Exxon Mobil
Inside the Numbers
In Q2, Exxon Mobil reported earnings per share of $1.10 which topped expectations of $0.96 per share. This was an impressive turnaround from last year's Q2 loss of $0.26 per share. Of course, this loss was largely due to the shutdowns which caused oil prices to plunge and gasoline demand to be artificially depressed.
Revenue also handily beat expectations at $67.7 billion, a 108% increase from last year's Q2, while analysts were forecasting $61.6 billion. Exxon's upstream segment's net income also beat expectations at $3.2 billion vs analysts' expectations of $3.1 billion. This segment is involved in the exploration and development of oil and natural gas properties as well as the extraction and production of crude oil and natural gas and is the most sensitive to oil prices.
In total, the company generated $9.7 billion in cash in the quarter which is particularly impressive given the company's valuation of $245 billion. Management said it would use its cash to fund its dividend, capital investments, and reduce debt.

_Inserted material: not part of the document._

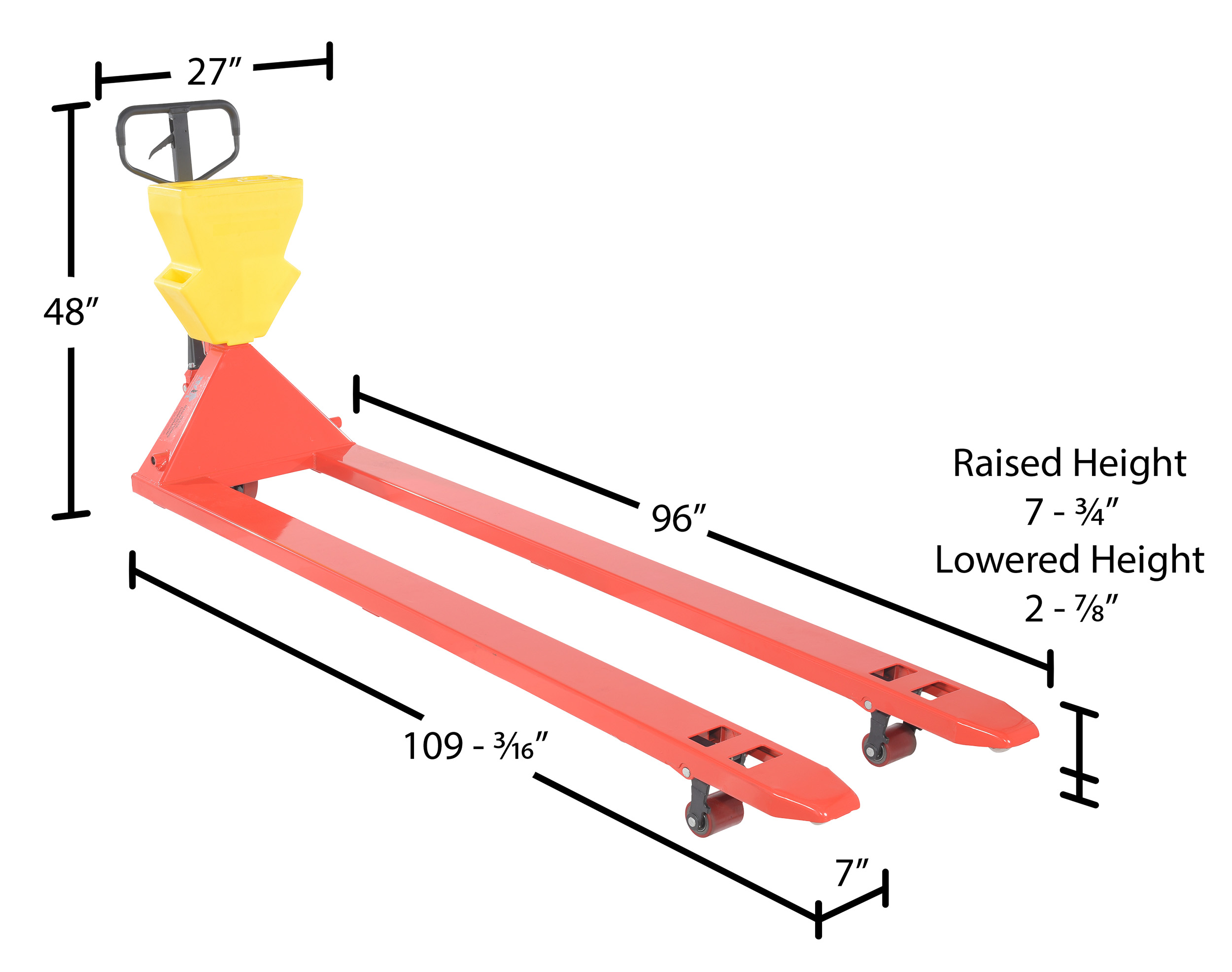 Steel/Plastic Pallet Truck 109-3/16 In. x 27 In. x 48 In. 4000 Lb. Capacity Red with Yellow P-Caddy

The company produced the equivalent of 400,000 barrels per day, mainly from the Permian basin, an increase of 34% from 2020's Q2. Its chemicals division was also a standout with $2.3 billion with gains primarily from higher pricing power.
Stock Price Outlook
Exxon's stock is really interesting here. It's basically priced as if oil prices are bound to drop, and inflationary pressures will be transitory. If this turns out to not be the case then the stock could be a great buy at current prices especially as it has a 6% dividend.
While the stock is up by nearly 60% since its March 2020 low, it could be argued that it's a better buy now as earnings are up by a greater margin than the stock price. If oil prices can stay above $70 then it's likely that Exxon will generate more than $30 billion in free cash flow.
For these reasons, Exxon remains a great buy at current levels.